News

Staff Edit: Fairness in Grading

Though generally professors do not grade an exam based on any factors unrelated to a student’s performance, the university should consider putting in place a system whereby professors have no knowledge of a student’s identity when grading their work.

Such a system in now being used in the School of Law, because professors may sometimes unintentionally grade work based on their perception of students’ general ability, based on previously conceived notions of students’ class performance.

Each exam in the School of Law is given a number rather than a name, and a student must write on a separate form which number corresponds to the exam booklet. An administrator, not a professor, then proctors the exam and collects each test in a separate pile from the student’s identification forms.

Having someone unrelated to the course proctor an exam is also worth considering in BU’s other schools, because this way professors will not prematurely grade a student less for having completed an exam in a short period of time, as the professor may think that that student rushed through it and is undeserving of a grade reflected in the exam itself.

There would be no conceivable disadvantages to installing such a policy, and it could be easily implemented.

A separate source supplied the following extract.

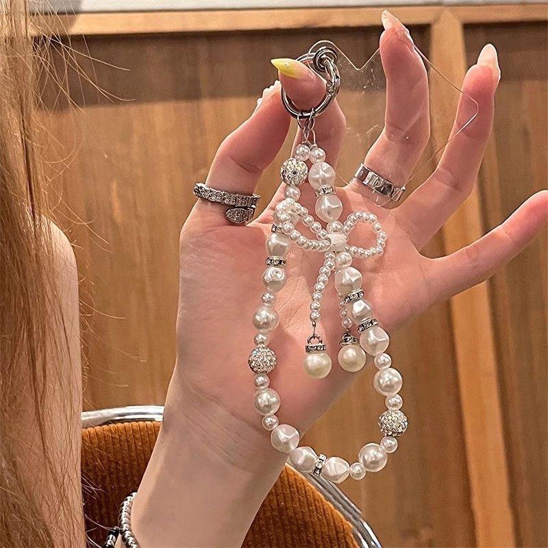 Nueva Cadena para Teléfono Móvil con Lazo de Perlas Incrustado de Diamantes Llavero Accesorios Colgantes Bolso Cadena a Prueba de Caídas Colgante para Teléfono Móvil de Cuentas Hecho a Mano

Of course any professor proven to have graded exams with a bias in favor or against that student, and not based only on the student’s performance on the test itself, should face suspension or be fired from the faculty. While this may be uncommon, having a policy of grading exams anonymously will prevent such bias in grading exams – however intentional or unintentional – from even taking place.

Website | More Articles

This is an account occasionally used by the Daily Free Press editors to post archived posts from previous iterations of the site or otherwise for special circumstance publications. See authorship info on the byline at the top of the page.

Comments are closed.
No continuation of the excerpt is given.